I'm not developer, but I want to share my opinion as user and webmaster. Why not copy the Wordpress (the most used cms) slug method?

Wordpress uses latin letters in lowercase, without symbols or marks, and you have the possibility to use characters from other alphabets. I also think interesting the possibility to short URL without post title (option in admin panel).

In any case, I want to show my negative opinion to method similar to Wikipedia. I'm spanish and my language uses a lot symbols and marks, and the Wikipedia URLs are annoying when you want to share Wikipedia links.

I think the url method should be simple, and complex transliteration added by extension (Wordpress has differents plugins for that).

sijad commented 7 years ago

neither transliterator_transliterate nor Slugify is suitable for Persian language.

believer-ufa commented 7 years ago

@sijad, if we talking about slugify, you can easily add you own rules for your language.

thecotne commented 7 years ago

what if we use github issue like urls? (id only no slug no transliteration) and then some plugins may change urls ....

aethior commented 7 years ago

what if we use github issue like urls? (id only no slug no transliteration) and then some plugins may change urls ....

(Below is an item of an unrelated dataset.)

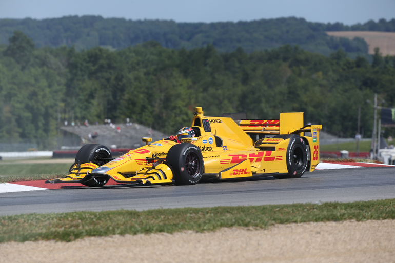 Ryan Hunter-Reay enters the Turn 2 Keyhole turn during practice for the Honda Indy 200 at Mid-Ohio — Photo by: Chris Jones
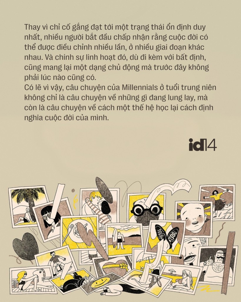 Có lẽ vì vậy, câu chuyện của Millennials ở tuổi trung niên không chỉ là câu chuyện về những gì đang lung lay, mà còn là câu chuyện về cách một thế hệ học lại cách định nghĩa cuộc đời của mình. Không còn một kịch bản chung, không còn một mốc đích cố định, nhưng đổi lại là một không gian rộng hơn để lựa chọn. Và trong không gian đó, việc chưa hoàn tất có thể không còn là điều cần phải khắc phục, mà trở thành một phần tự nhiên của hành trình đang tiếp diễn.

Those urls are not seo and human friendly. Your suggestion was discussed here: https://github.com/flarum/core/issues/1140#issuecomment-284613976

firegurafiku commented 7 years ago

@believer-ufa

if we talking about slugify, you can easily add you own rules for your language.

How about easy adding support for Chinese or Japanese? Languages are hard and nobody should rely on automatic romanization. Instead, there should be options to disable slugs at all, or set them manually.

sijad commented 7 years ago

@believer-ufa in Persian people usually does not use diacritics in texts, so Slugify is not an option, for Persian language (and Arabic?) using unicode plus a few filters (remove diacritics, non-alphanumerics, spaces, etc) is best option.